SUPPLIED INFORMATION:

+--

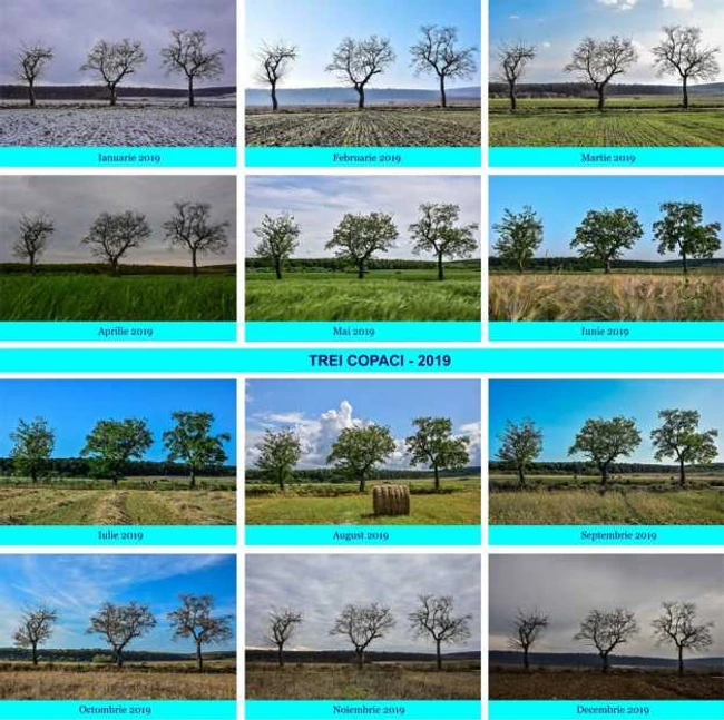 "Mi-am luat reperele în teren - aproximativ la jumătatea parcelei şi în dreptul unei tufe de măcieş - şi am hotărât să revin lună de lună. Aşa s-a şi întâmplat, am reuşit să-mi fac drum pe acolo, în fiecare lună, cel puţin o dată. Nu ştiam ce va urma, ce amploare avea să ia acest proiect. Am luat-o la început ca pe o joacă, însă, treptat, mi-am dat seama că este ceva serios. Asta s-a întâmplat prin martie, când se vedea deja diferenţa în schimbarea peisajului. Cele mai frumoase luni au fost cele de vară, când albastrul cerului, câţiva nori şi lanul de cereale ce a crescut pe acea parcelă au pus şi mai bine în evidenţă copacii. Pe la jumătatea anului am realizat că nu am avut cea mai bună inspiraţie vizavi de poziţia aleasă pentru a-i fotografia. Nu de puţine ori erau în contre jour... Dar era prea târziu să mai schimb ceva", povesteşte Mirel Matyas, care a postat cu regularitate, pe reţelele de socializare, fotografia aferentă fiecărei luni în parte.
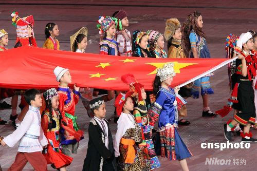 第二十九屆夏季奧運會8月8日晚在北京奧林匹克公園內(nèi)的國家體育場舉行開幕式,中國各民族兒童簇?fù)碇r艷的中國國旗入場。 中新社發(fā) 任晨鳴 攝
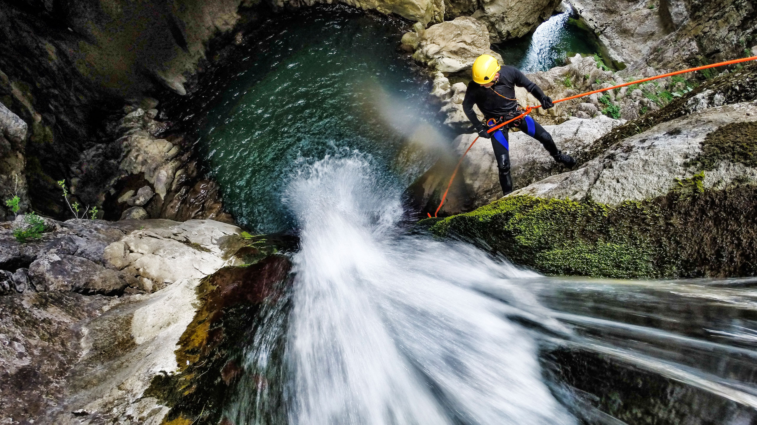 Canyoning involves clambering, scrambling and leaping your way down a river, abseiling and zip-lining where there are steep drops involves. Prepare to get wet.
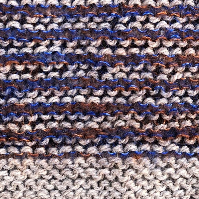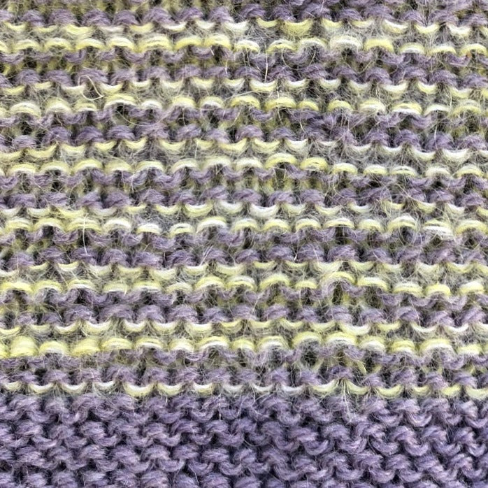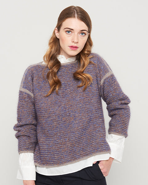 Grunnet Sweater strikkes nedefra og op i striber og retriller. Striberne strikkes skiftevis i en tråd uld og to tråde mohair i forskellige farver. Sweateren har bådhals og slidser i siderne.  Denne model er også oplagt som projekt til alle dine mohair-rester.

+--

ABOUT THIS EXERCISE: Each line from the one holding "Canyoning involves clambering, scrambling" through the end of the listing is to be output exactly, both ends included, with no other lines and the pictures left out.

ANSWER SPACE:
 Canyoning involves clambering, scrambling and leaping your way down a river, abseiling and zip-lining where there are steep drops involves. Prepare to get wet.
 Grunnet Sweater strikkes nedefra og op i striber og retriller. Striberne strikkes skiftevis i en tråd uld og to tråde mohair i forskellige farver. Sweateren har bådhals og slidser i siderne.  Denne model er også oplagt som projekt til alle dine mohair-rester.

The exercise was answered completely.